● **WORK INSTRUCTIONS**
Your answer should be the full data, transcribed exactly, with no pictures in it.

● **DATA EXCERPT**
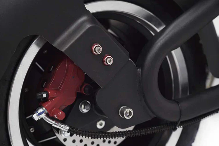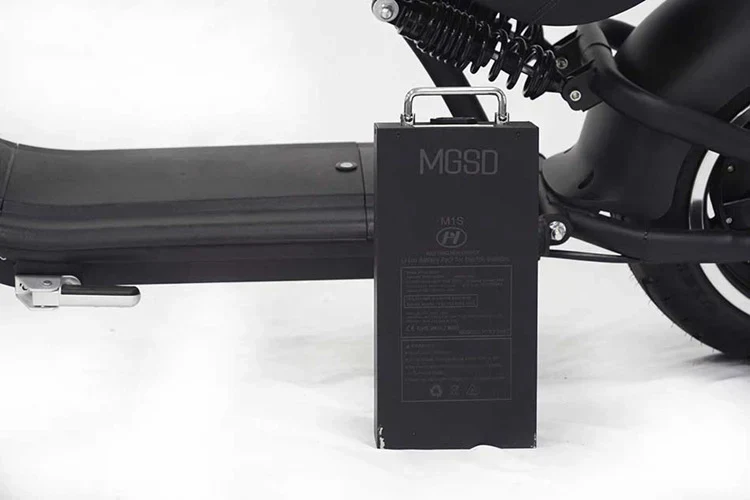 Der Mangosteen M1P verfügt über eine Vollfederung mit einer hydraulischen Vorderradgabel und einem doppelten Federstodmpfer, die für eine komfortable Fahrt sorgen. Die klappbaren Furasten, das LCD-Display, die hydraulischen Scheibenbremsen vorne und hinten sowie die superhellen LED-Scheinwerfer und Blinker runden das Paket ab.
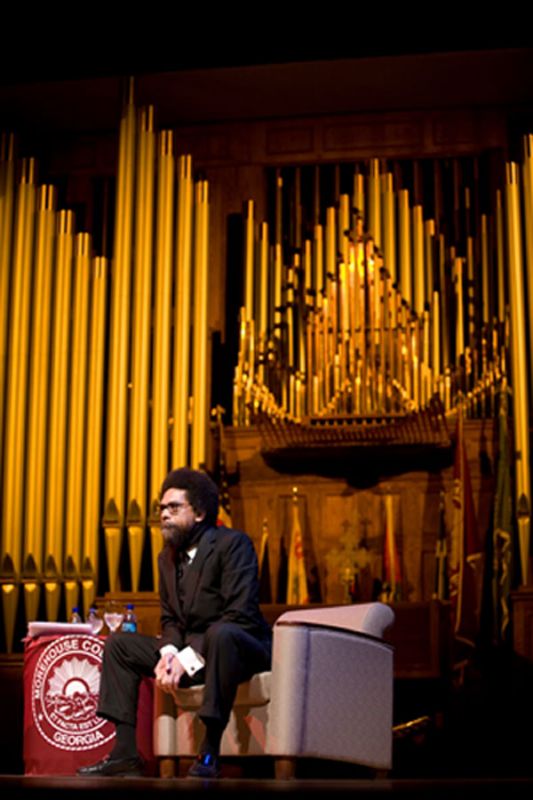 Cornel West is a busy guy: Prince, Talib Kweli, and Jill Scott are just a few of the musical revolutionaries with whom the Princeton professor of religion and African American studies has collaborated. You may recognize 57-year-old West’s bearded, sage-like face from Tavis Smiley’s recently discontinued State of the Black Union conferences or his annual appearances on The Colbert Report. He was also in both Matrix sequels, playing the Zion Elder, Councillor West. On his albums, of which there are three, West holds forth against a backdrop of great beats and soulful grooves, with lyrics that speak to his vision of creating a nation that works for everyday people. Currently he’s preparing for next month’s paperback release of his 2009 memoir Brother West: Living and Loving Out Loud. In our interview, West spoke about politics, his various forms activism, and why he believes music has the potential to close the widening divide between intellectuals and the public at large.
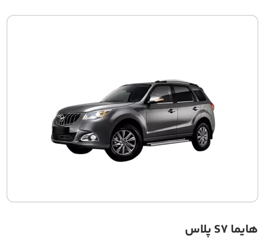 | هایما اس ۷ | ۱ میلیارد و ۱۹۰ میلیون و ۶۶۴ هزار تومان | ۱ میلیارد و ۵۸۹ میلیون تومان |
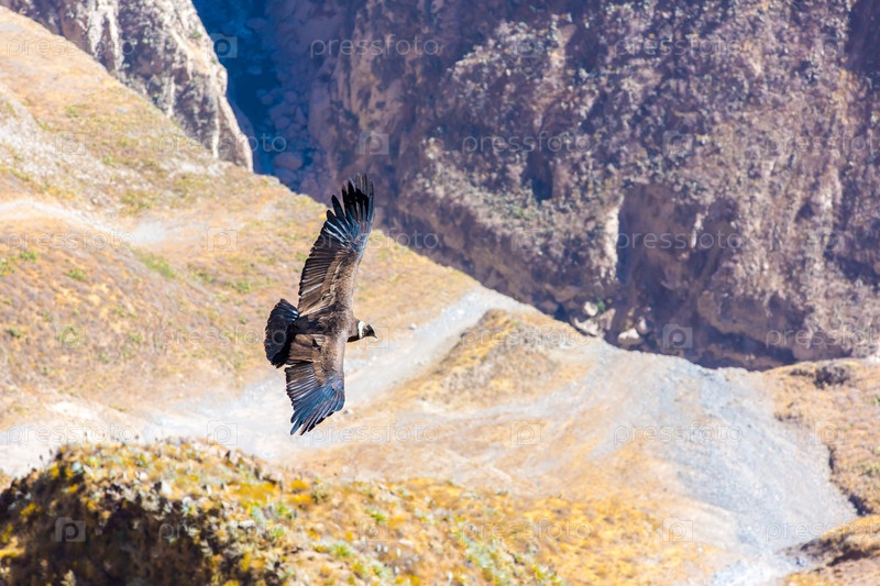 Кондор пролетел над каньоном Колка, Перу, Южная Америка. Этот Кондор больших летающих птиц на земле

● **SOLUTION TO THIS TASK**
 Der Mangosteen M1P verfügt über eine Vollfederung mit einer hydraulischen Vorderradgabel und einem doppelten Federstodmpfer, die für eine komfortable Fahrt sorgen. Die klappbaren Furasten, das LCD-Display, die hydraulischen Scheibenbremsen vorne und hinten sowie die superhellen LED-Scheinwerfer und Blinker runden das Paket ab.
 Cornel West is a busy guy: Prince, Talib Kweli, and Jill Scott are just a few of the musical revolutionaries with whom the Princeton professor of religion and African American studies has collaborated. You may recognize 57-year-old West’s bearded, sage-like face from Tavis Smiley’s recently discontinued State of the Black Union conferences or his annual appearances on The Colbert Report. He was also in both Matrix sequels, playing the Zion Elder, Councillor West. On his albums, of which there are three, West holds forth against a backdrop of great beats and soulful grooves, with lyrics that speak to his vision of creating a nation that works for everyday people. Currently he’s preparing for next month’s paperback release of his 2009 memoir Brother West: Living and Loving Out Loud. In our interview, West spoke about politics, his various forms activism, and why he believes music has the potential to close the widening divide between intellectuals and the public at large.
 | هایما اس ۷ | ۱ میلیارد و ۱۹۰ میلیون و ۶۶۴ هزار تومان | ۱ میلیارد و ۵۸۹ میلیون تومان |
 Кондор пролетел над каньоном Колка, Перу, Южная Америка. Этот Кондор больших летающих птиц на земле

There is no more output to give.